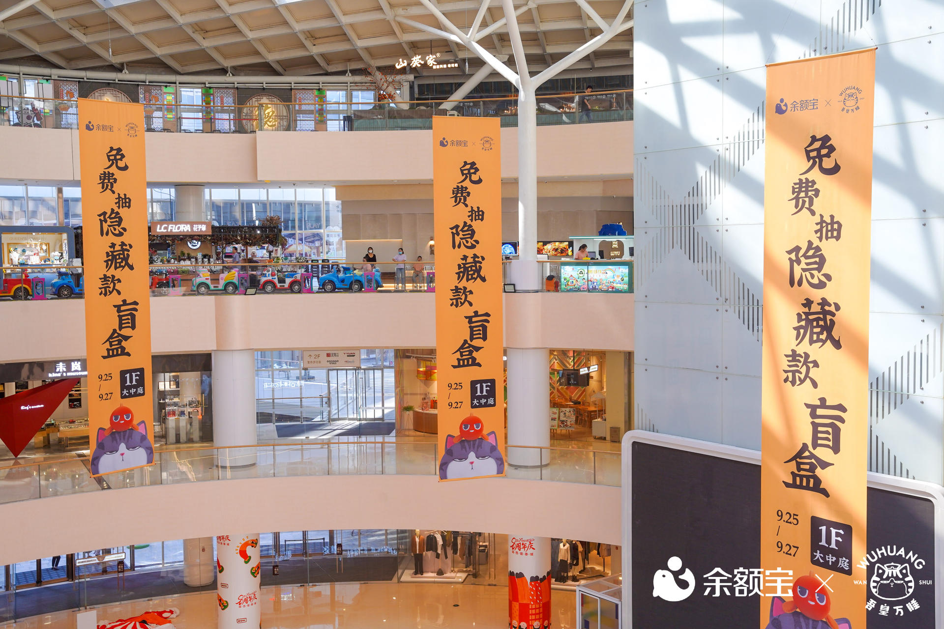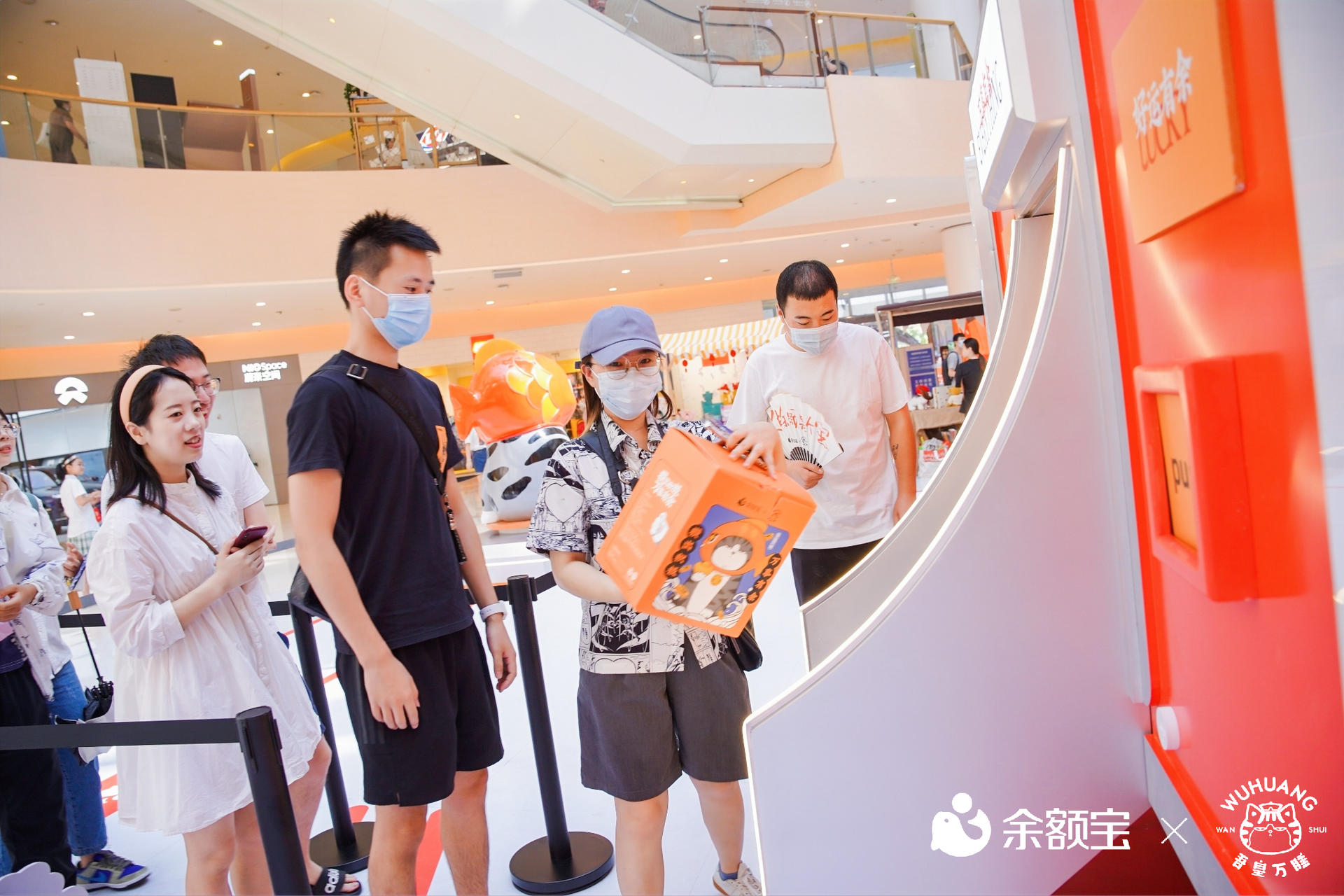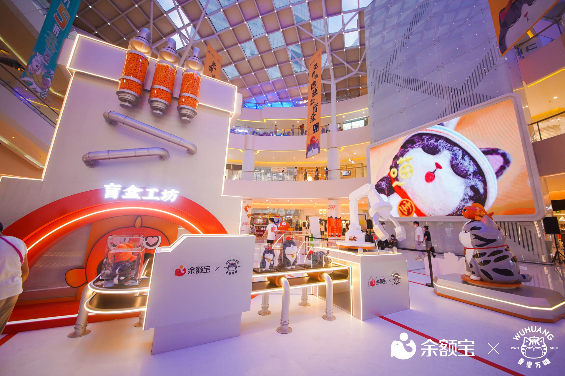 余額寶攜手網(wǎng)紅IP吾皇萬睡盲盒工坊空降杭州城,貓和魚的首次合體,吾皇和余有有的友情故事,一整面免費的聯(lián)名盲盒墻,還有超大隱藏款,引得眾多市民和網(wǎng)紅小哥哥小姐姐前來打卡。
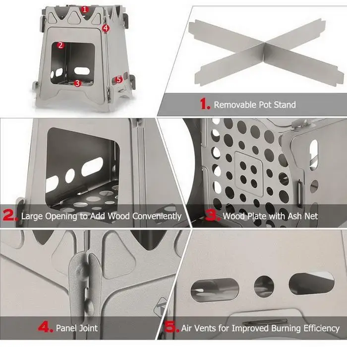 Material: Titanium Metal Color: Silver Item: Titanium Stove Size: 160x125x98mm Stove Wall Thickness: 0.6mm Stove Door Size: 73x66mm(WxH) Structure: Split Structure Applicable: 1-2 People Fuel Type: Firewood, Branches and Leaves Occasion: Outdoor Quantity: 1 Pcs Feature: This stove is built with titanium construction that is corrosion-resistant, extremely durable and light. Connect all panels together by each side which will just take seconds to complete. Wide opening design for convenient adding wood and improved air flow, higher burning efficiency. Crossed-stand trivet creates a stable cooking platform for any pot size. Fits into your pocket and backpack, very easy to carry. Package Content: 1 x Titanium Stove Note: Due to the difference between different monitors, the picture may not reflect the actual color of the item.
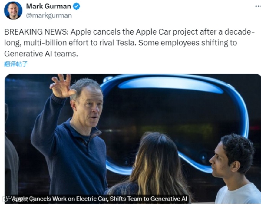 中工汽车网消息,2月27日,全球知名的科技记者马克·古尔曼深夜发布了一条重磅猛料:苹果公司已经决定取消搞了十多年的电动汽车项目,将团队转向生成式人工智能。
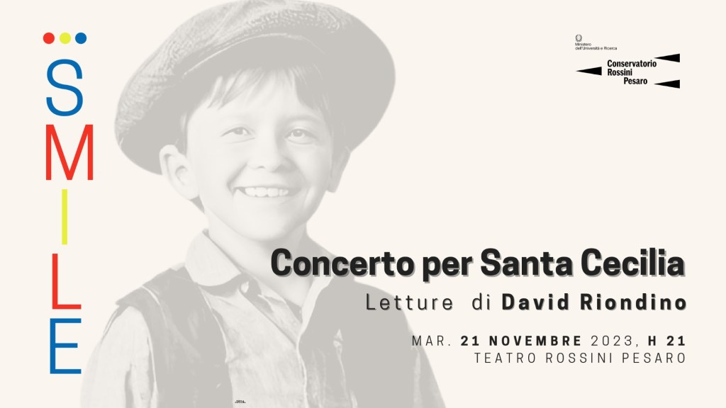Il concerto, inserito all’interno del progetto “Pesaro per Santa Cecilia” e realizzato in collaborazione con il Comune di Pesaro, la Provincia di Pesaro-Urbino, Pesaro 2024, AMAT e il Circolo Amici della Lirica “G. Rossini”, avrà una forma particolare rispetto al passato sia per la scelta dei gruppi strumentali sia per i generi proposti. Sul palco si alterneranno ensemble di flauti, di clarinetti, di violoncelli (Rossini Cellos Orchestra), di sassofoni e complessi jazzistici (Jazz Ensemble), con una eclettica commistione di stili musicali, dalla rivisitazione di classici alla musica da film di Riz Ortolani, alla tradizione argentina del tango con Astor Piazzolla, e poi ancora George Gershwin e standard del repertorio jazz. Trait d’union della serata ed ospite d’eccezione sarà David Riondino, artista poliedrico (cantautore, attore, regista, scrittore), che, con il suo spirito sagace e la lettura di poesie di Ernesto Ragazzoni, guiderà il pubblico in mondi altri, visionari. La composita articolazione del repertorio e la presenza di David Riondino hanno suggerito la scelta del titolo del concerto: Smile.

----------

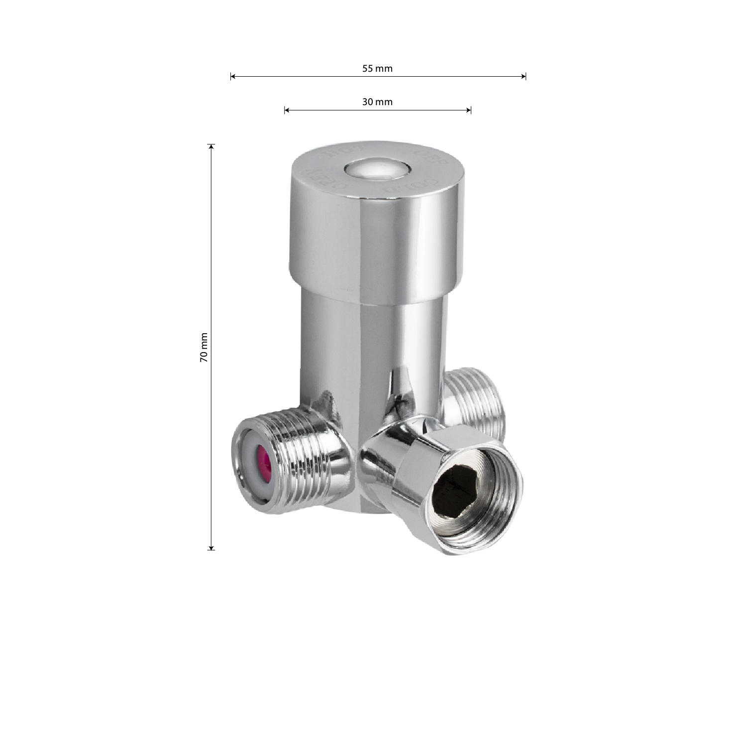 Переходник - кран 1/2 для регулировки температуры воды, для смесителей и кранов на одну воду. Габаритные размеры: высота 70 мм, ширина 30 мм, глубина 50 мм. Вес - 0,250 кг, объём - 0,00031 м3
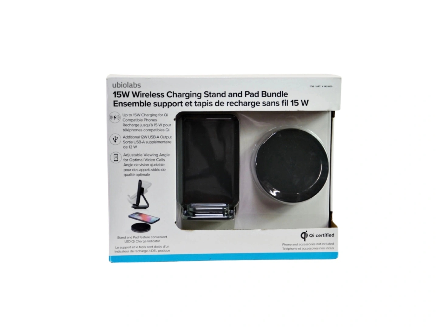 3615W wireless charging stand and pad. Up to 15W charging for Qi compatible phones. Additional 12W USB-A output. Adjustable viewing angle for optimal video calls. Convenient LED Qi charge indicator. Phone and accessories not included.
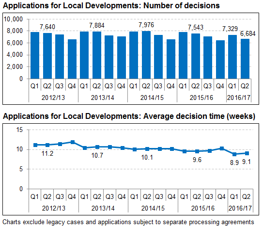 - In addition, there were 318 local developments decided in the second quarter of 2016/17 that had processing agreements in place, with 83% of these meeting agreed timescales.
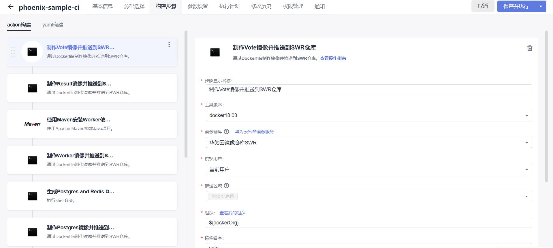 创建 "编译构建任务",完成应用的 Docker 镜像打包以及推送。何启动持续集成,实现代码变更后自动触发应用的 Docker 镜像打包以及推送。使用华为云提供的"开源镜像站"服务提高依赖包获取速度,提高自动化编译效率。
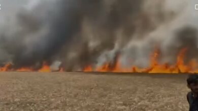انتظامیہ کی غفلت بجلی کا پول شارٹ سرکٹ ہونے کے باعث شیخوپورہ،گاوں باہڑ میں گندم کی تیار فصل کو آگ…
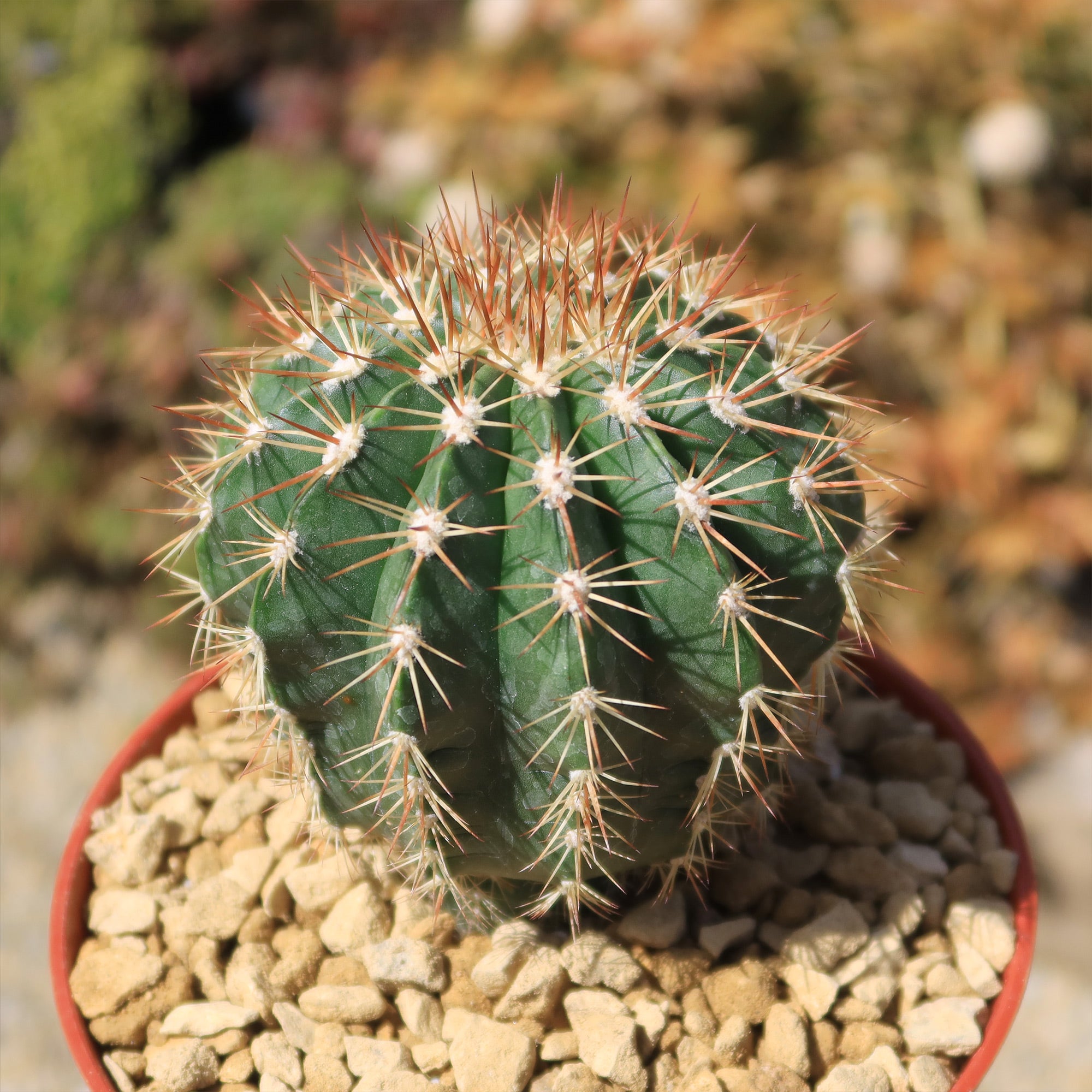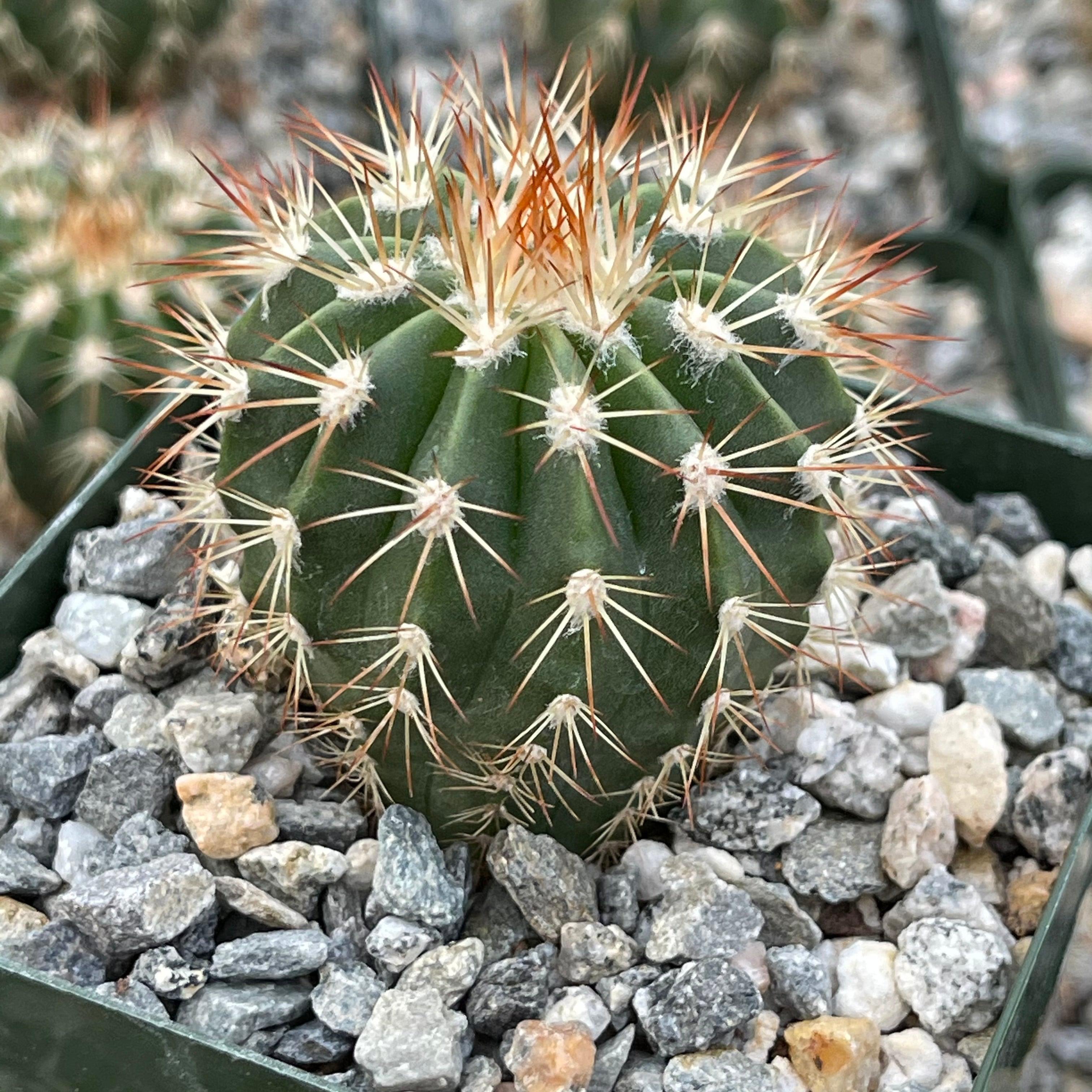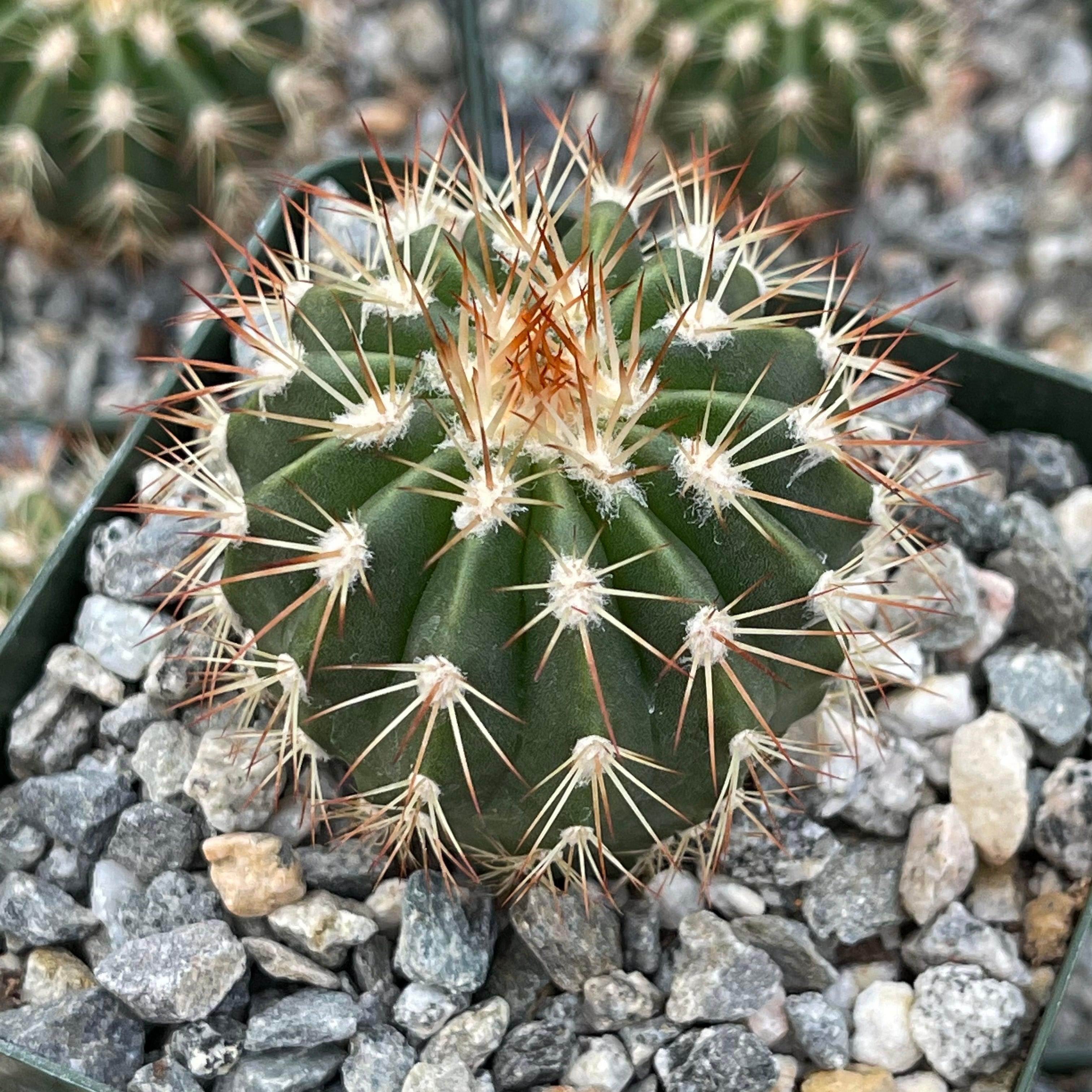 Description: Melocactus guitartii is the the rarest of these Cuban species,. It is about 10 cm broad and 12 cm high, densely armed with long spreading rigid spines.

----------

— Brief —
All lines above from the one containing "انتظامیہ کی غفلت" up to and including the one containing "Description: Melocactus guitartii" are to be set down exactly, and nothing else. Leave images out.

— Answer to the problem —
انتظامیہ کی غفلت بجلی کا پول شارٹ سرکٹ ہونے کے باعث شیخوپورہ،گاوں باہڑ میں گندم کی تیار فصل کو آگ…
 Description: Melocactus guitartii is the the rarest of these Cuban species,. It is about 10 cm broad and 12 cm high, densely armed with long spreading rigid spines.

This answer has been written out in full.